En casa casi todo es como antes. Elena sigue viviendo en una pequeña colina, desde donde se ve todo pero al margen de las miradas forasteras. Vive en la calle que alguna vez fue nombrada con sus apellidos, que después llevó el nombre del misionero Nicolás de Cármenes y que finalmente tomó (como opción intermedia) el del laico general Urdaneta. Una vivienda rural de las tantas concebidas por la democracia venezolana de los setenta como parte de la guerra contra la malaria. Está construida  –a la sombra de un mango antiguo– sobre el terreno en el que ha vivido toda la vida; dos de sus hermanos son sus vecinos: José Jesús, sus hijos y nieto a la izquierda e Isabel en el bahareque de la derecha. . “Aquí estamos las dos hermanitas: felices, ella con sus matas y yo con mis animalitos”, sonríe Elena.
Entre las residencias de ambas, sobreviven de pie los cuatro palos del hogar paterno y humea la cocina de leña en la que Elena, con la ayuda de un par de diligentes indígenas, guisa res, pescado y arvejas; hace las infusiones de citronella y toronjil que, junto al ayuno frecuente, preservan su buena salud y el café, que sirven en el pocillo de porcelana empotrada en acero inoxidable reservado para la visita, cada vez más esporádica. Elena teme que sus amigos la olviden.

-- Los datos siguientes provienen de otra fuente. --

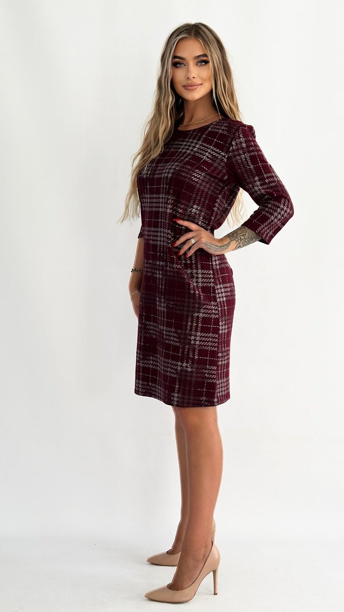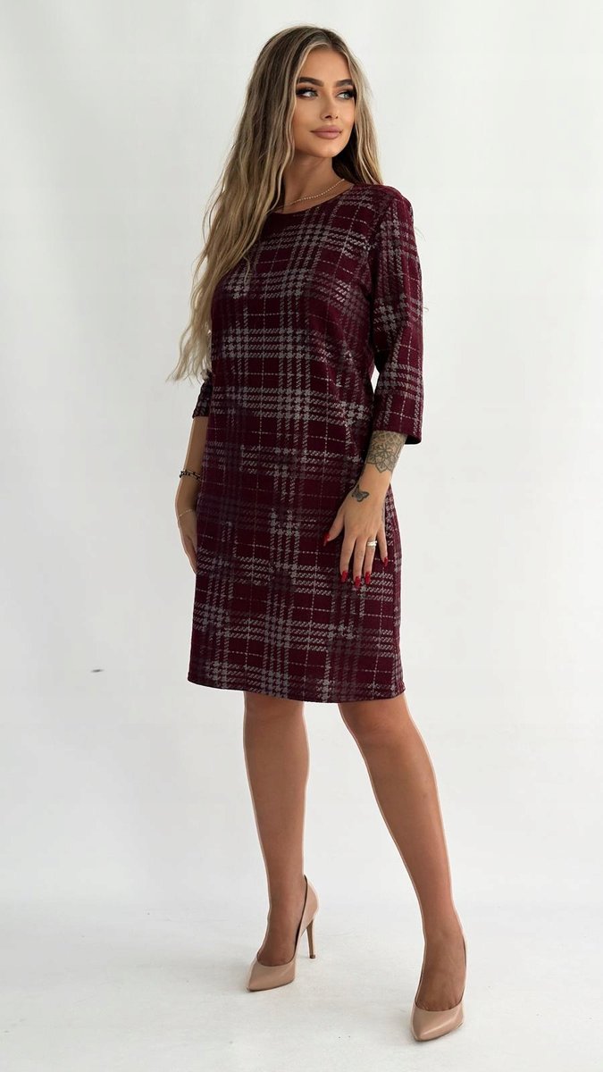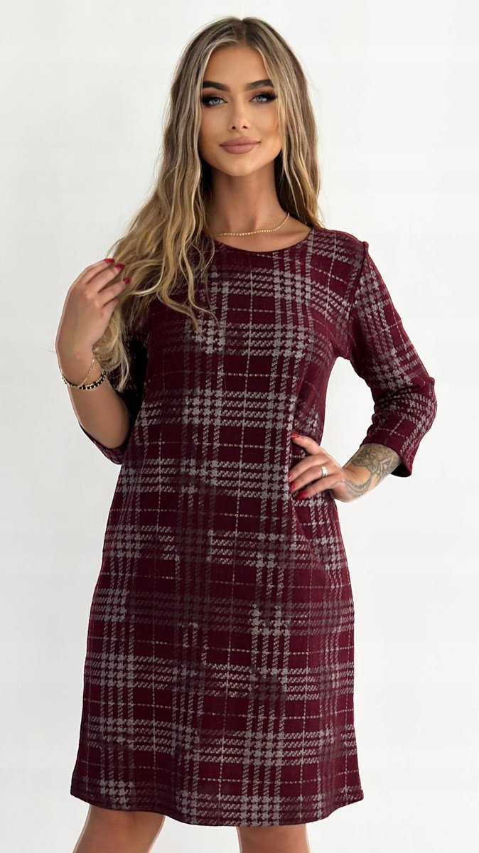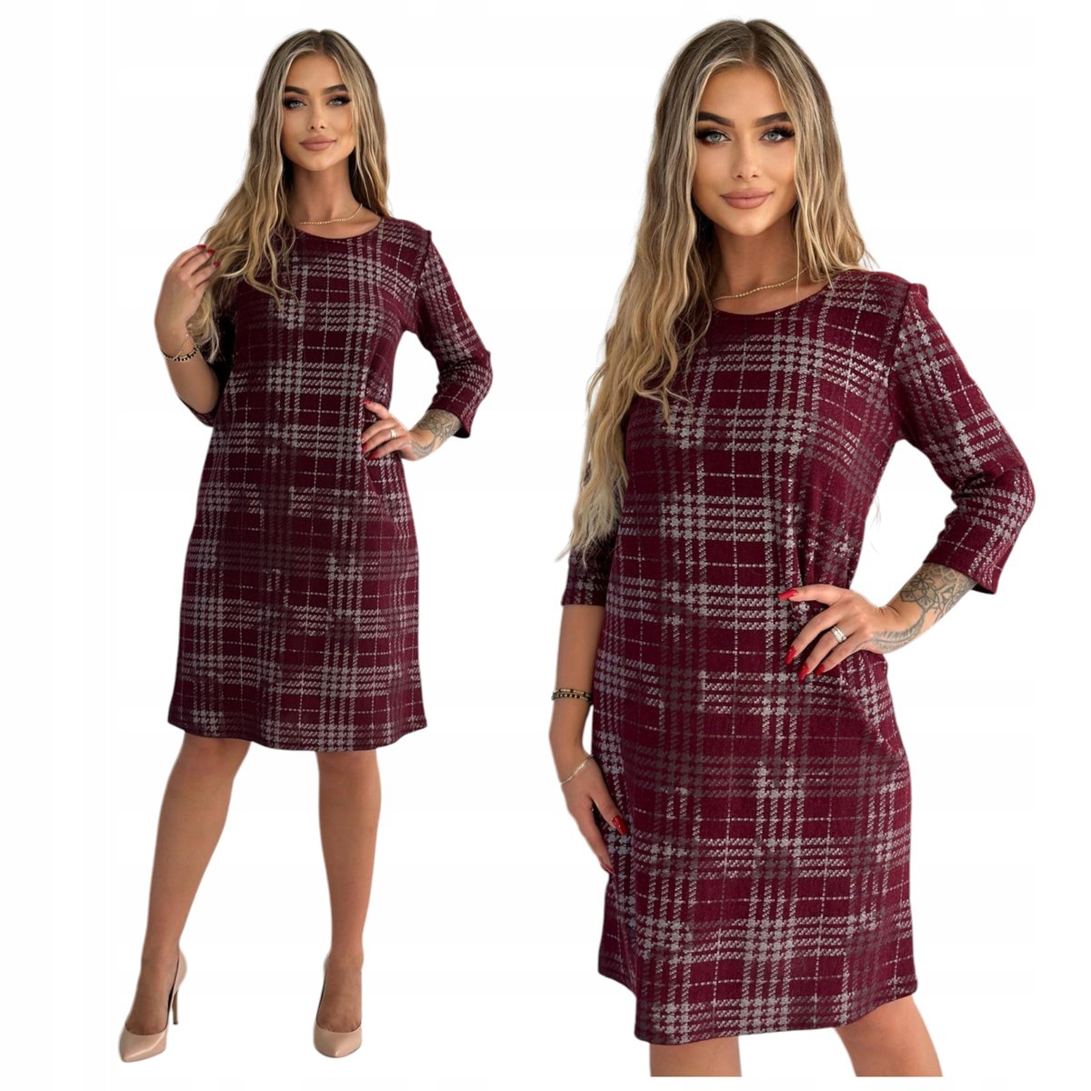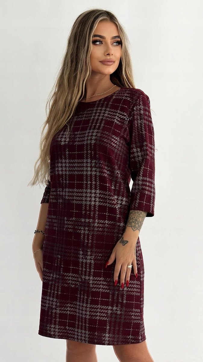 BORDOWA ŚLICZNA PROSTA SUKIENKA W KRATKĘ ROZMIAR XL
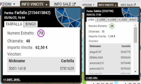 - Riporta le informazioni di dettaglio dei premi vinti nell’ultima partita. Per ogni singolo premio vinto (es. premio a simbolo FARFALLA, 1 LINEA, 2 LINEE, BINGO etc…) si visualizza: L’ultimo numero estratto che ha permesso la vincita
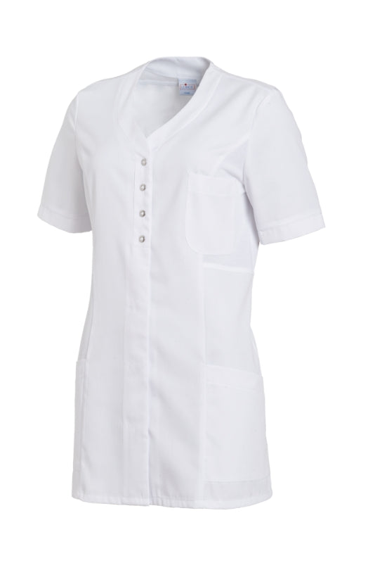 Der komfortable, leicht taillierte Schnitt bietet ausreichend Bewegungsfreiheit. Die Seitenpassen unterstützen die Flexibilität zusätzlich und sorgen für ein angenehmes Tragegefühl. Der Kasack lässt sich leicht an- und ausziehen und überzeugt durch eine klare, professionelle Ausstrahlung.
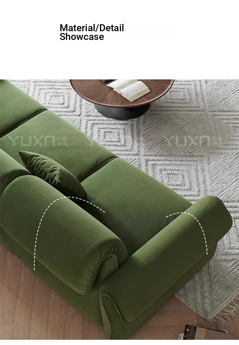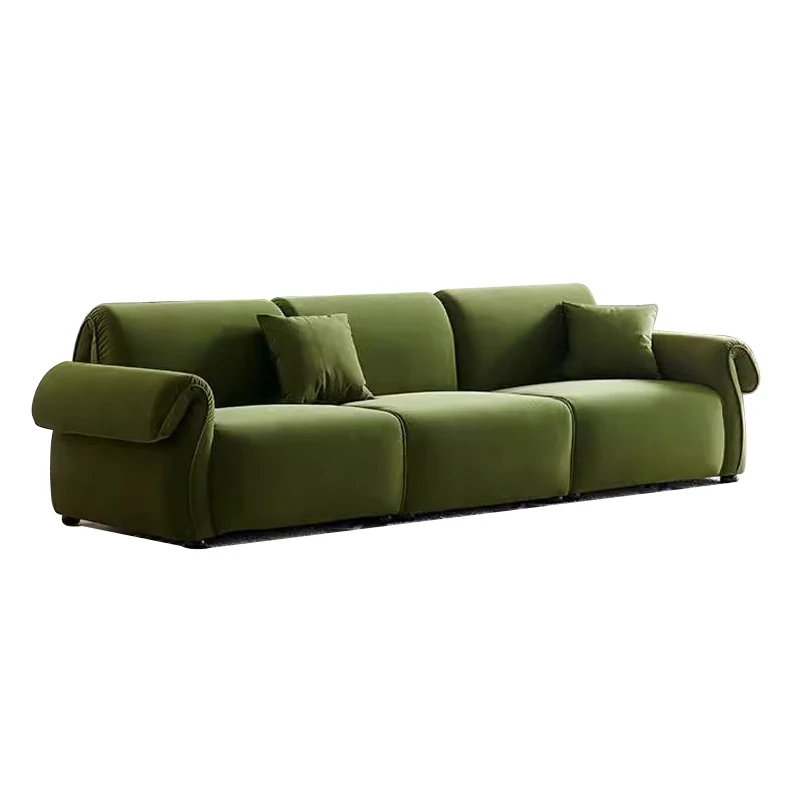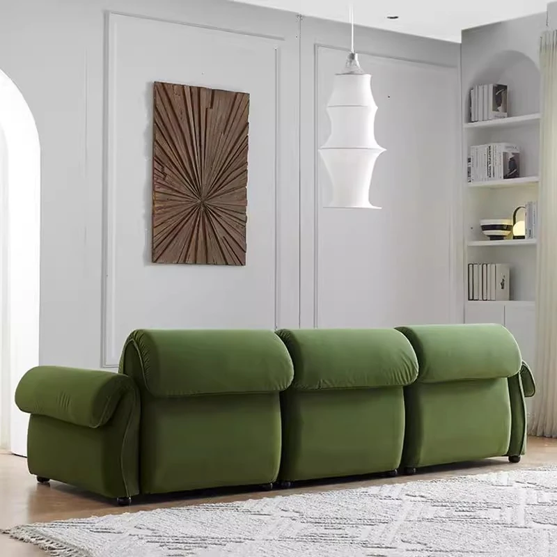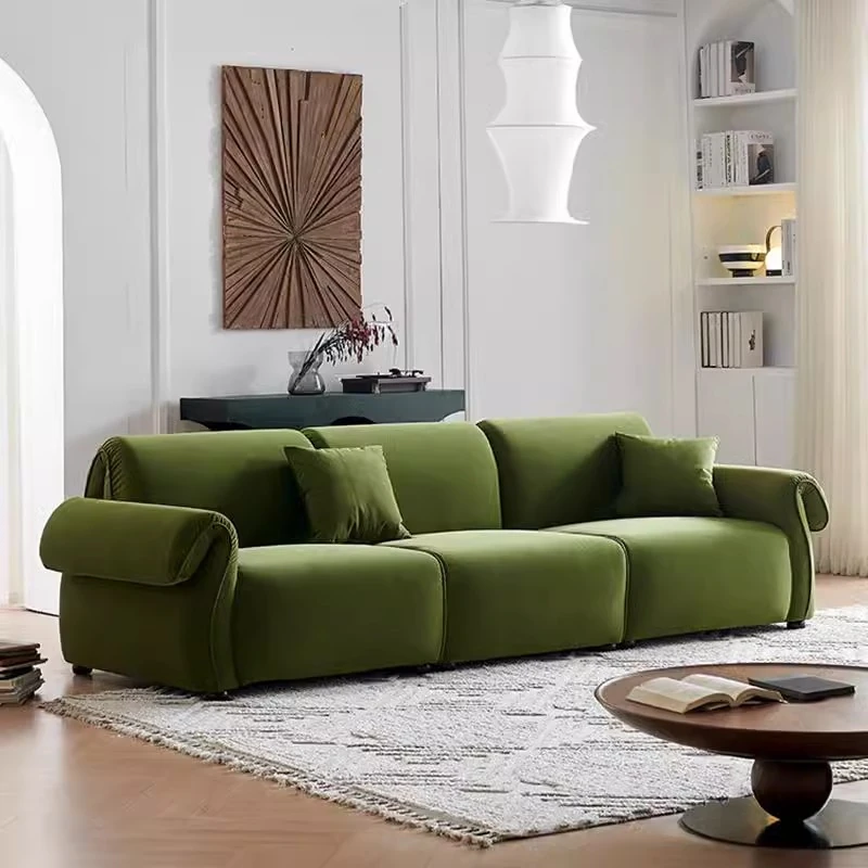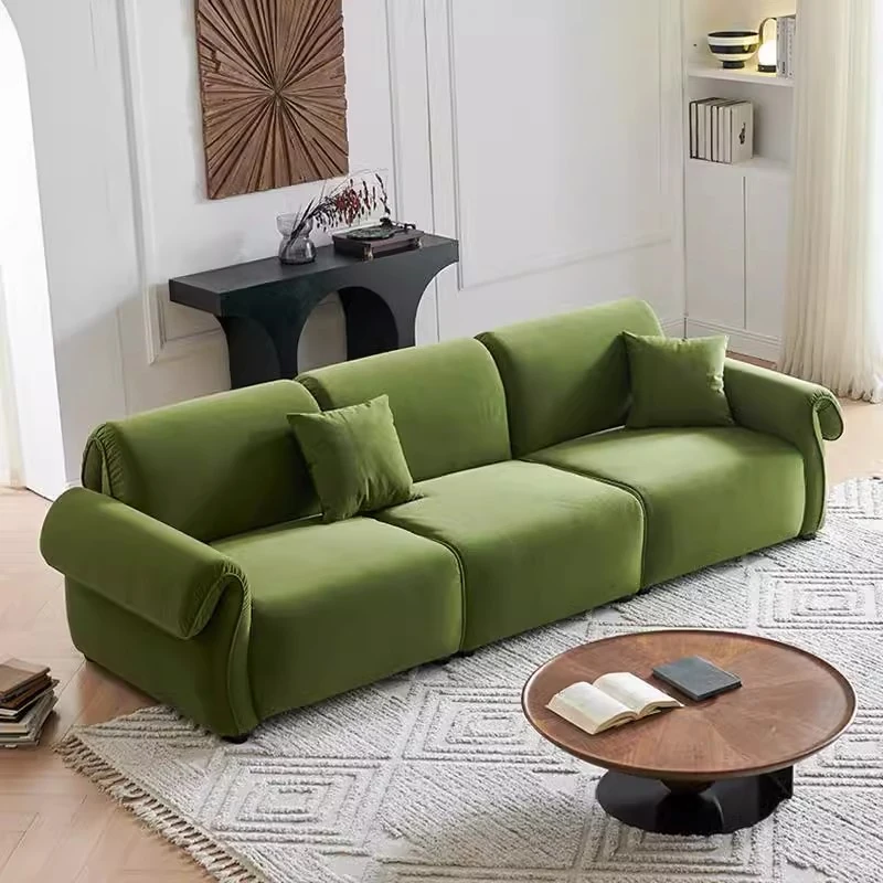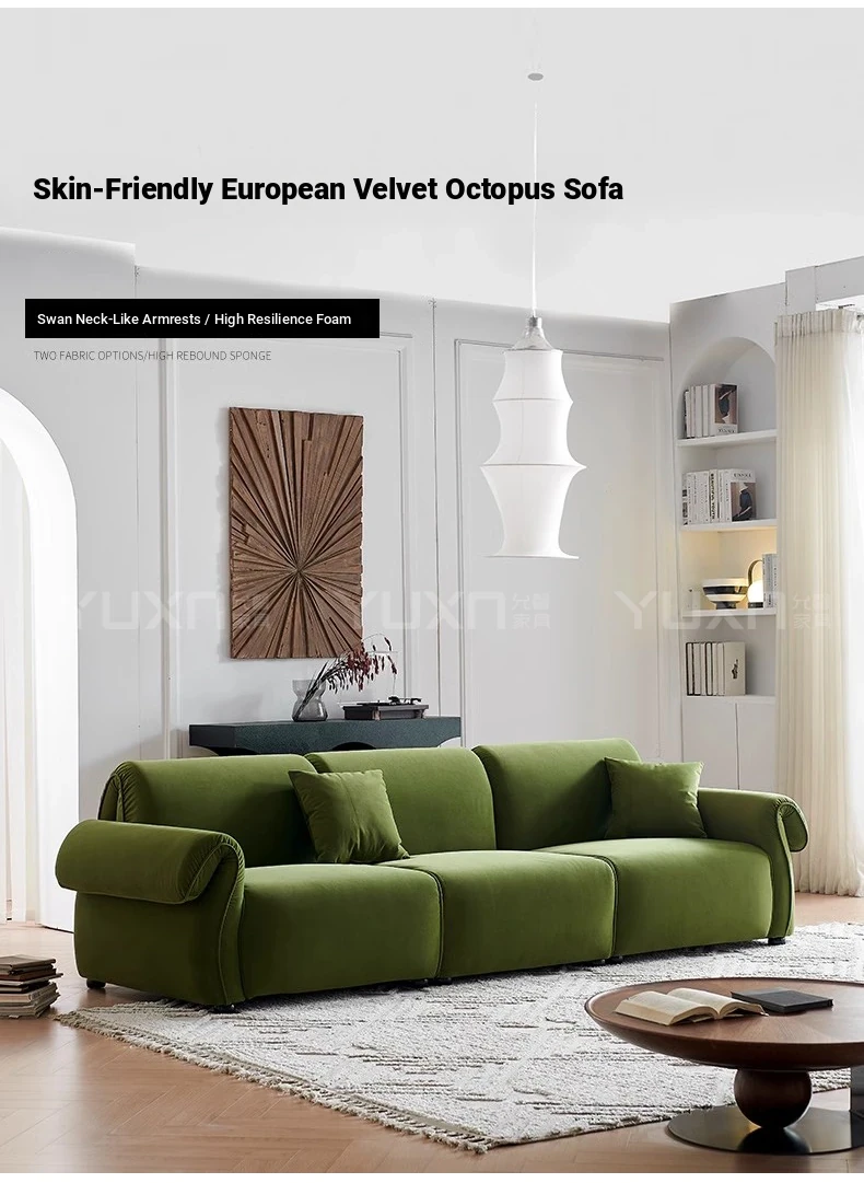 Yunxin Retro French Style Velvet Octopus Sofa - Green Designer Three-Seat Couch for Living Room, Cream Aesthetic, Straight-Line Design

En esos terrenos está también el peladero que dejó el potrero del jefe del clan y un museo que se empeña en levantar, sin mayores recursos, la mayor de sus hijos. “Esto (la Sabana) alguna vez fue mar y mi papá consiguió muchos fósiles. Le voy a guardar sus cositas. Quiero resguardar su memoria porque la gente habla muchas cosas que no son”.
Las enramadas de orquídeas, las empalizadas que protegen las rosas, una diezmada bandada de gallinas, los ocho patos, los catorce gatos, Plutón, un perro malhumorado, un río y cinco vacas. Elena ama la naturaleza: “Los animales avisan lo que va a pasar y el que no sabe eso no sabe nada”
Al otro lado de la cerca de alambre de púas, que separa la colina de los Fernández Peña de la calle Urdaneta, Santa Elena sigue a su ritmo, una cadencia mestiza de reguetón, fogó, llaneras, vallenatos; mineros, “talibanes”, invasores, pequeños empresarios turísticos, ecologistas. Un camión pasa a toda velocidad. Elena calla y cierra sus ojos como si quisiera olvidarse de eso en lo que se ha convertido la aldea que su familia comenzó a poblar y que ahora tiene quince mil habitantes, en la que empiezan a asustarla el hampa y los “desconocidos”. “Yo antes salía, se hacían fiestas, pasaban invitaciones formales y uno iba con la familia, pero todo ha cambiado”. A Elena le gusta el pasodoble y eventualmente un güisqui para mantener su hipertensión a raya.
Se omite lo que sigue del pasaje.